Глава 3. Увядание души дома
После того злополучного праздника, когда люстра погасла, словно невидимая рука задула все свечи, в поместье Монтес воцарилась гнетущая тишина. Она была тяжелее любого шума, проникая в каждый уголок, в каждую мысль. Слова старой Марии о пробудившемся проклятье эхом отдавались в моей голове, и я больше не могла от них отмахнуться. Предчувствие беды, которое раньше было лишь легким покалыванием, теперь превратилось в холодный, пронизывающий страх, сковывающий меня с каждым днем все сильнее.

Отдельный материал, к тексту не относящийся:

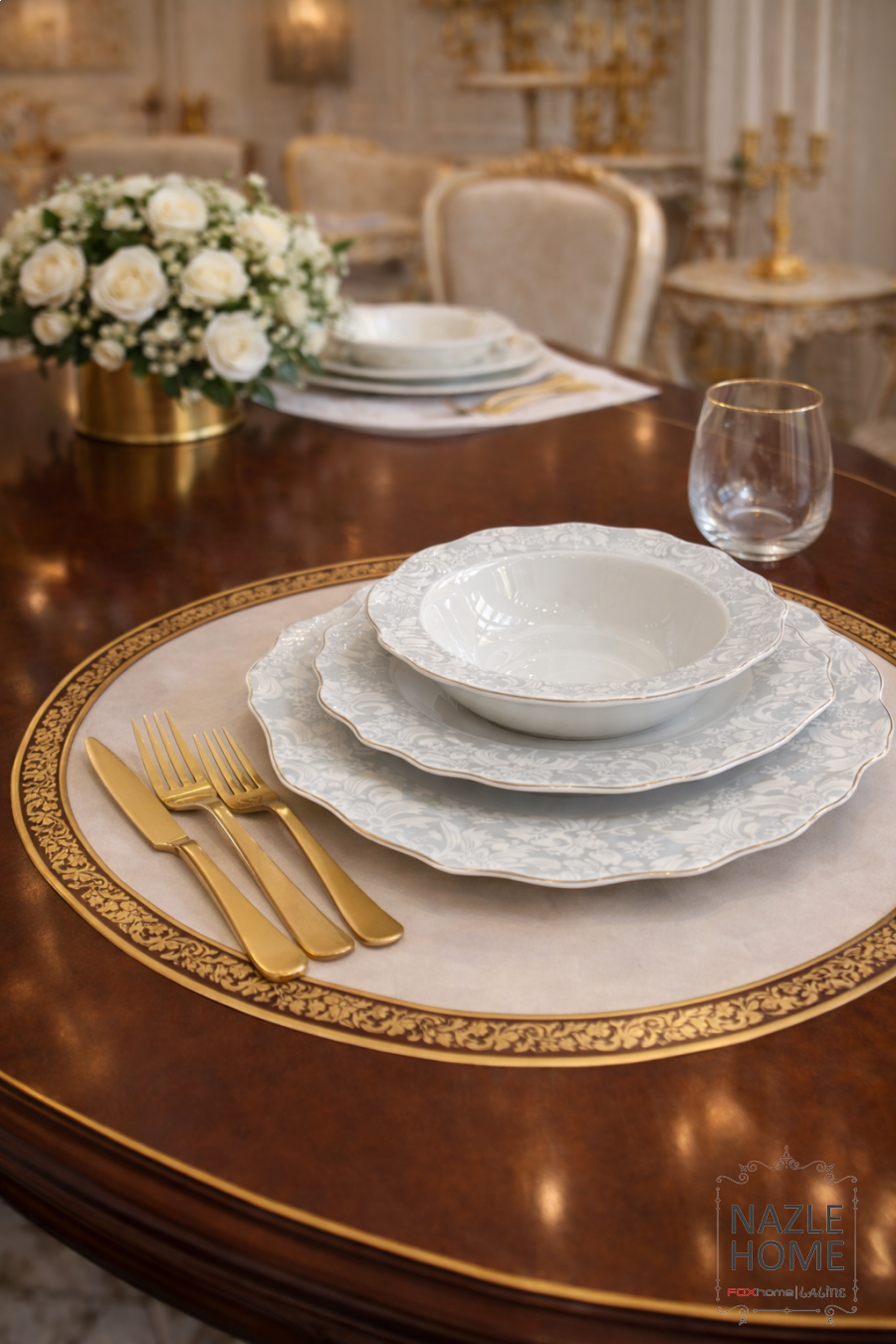 طقم سفرة 24 قطعة مورد - ازرق فاتح مايل للرمادي

Спустя всего несколько дней после того, как последние гости поспешно покинули поместье, унося с собой не только воспоминания о роскошном приеме, но и леденящие душу слухи, атмосфера в доме стала невыносимой. Те мелкие, но тревожные знаки, о которых я уже думала – увядшие сады, больные животные – теперь казались лишь прелюдией к настоящей катастрофе. Проклятье не просто "проявлялось", оно наступало, словно невидимая армия, осаждающая нашу крепость. Каждый рассвет приносил новые несчастья, каждый закат – новое подтверждение того, что мы бессильны перед этой неведомой силой.
Я помню, как однажды утром, спускаясь по широкой лестнице, я увидела маму, стоящую у окна в гостиной. Её обычно безупречная прическа была слегка растрепана, а плечи опустились, словно под тяжестью невидимого груза. Она смотрела на наш когда-то цветущий сад, который теперь выглядел так, словно его опалило невидимым огнем. Листья деревьев, еще недавно пышные и зеленые, теперь висели безжизненными лохмотьями, а цветы, которыми мама так гордилась, превратились в сухие, ломкие скелеты. Даже воздух, проникающий через открытые окна, казался тяжелым, пропитанным запахом увядания.
- Мама? – тихо позвала я, подходя ближе, чувствуя, как моё сердце сжимается.
Она вздрогнула, словно очнувшись от тяжелого сна, и повернулась ко мне. В её глазах, обычно полных стойкости, теперь читалась глубокая, почти отчаянная печаль.
- Элизабет... это не просто засуха. И не вредители. Это что-то другое. Оно... оно высасывает жизнь из всего, к чему прикасается. Я чувствую, как оно подступает всё ближе. – Её голос был хриплым, словно она долго плакала, и я видела, как она нервно сжимает руки.
С каждым следующим днем ситуация ухудшалась, словно невидимая болезнь распространялась по всему поместью. Наши лучшие лошади, крепкие и быстрые, которые еще неделю назад резво скакали по полям, теперь стояли в стойлах, их глаза мутнели, а некогда блестящая шерсть тускнела, покрываясь пятнами. Они отказывались от еды, их дыхание было тяжелым и прерывистым, а из ноздрей сочилась странная, вязкая жидкость. Ветеринар, которого вызвали из города, лишь разводил руками, не находя никаких объяснений.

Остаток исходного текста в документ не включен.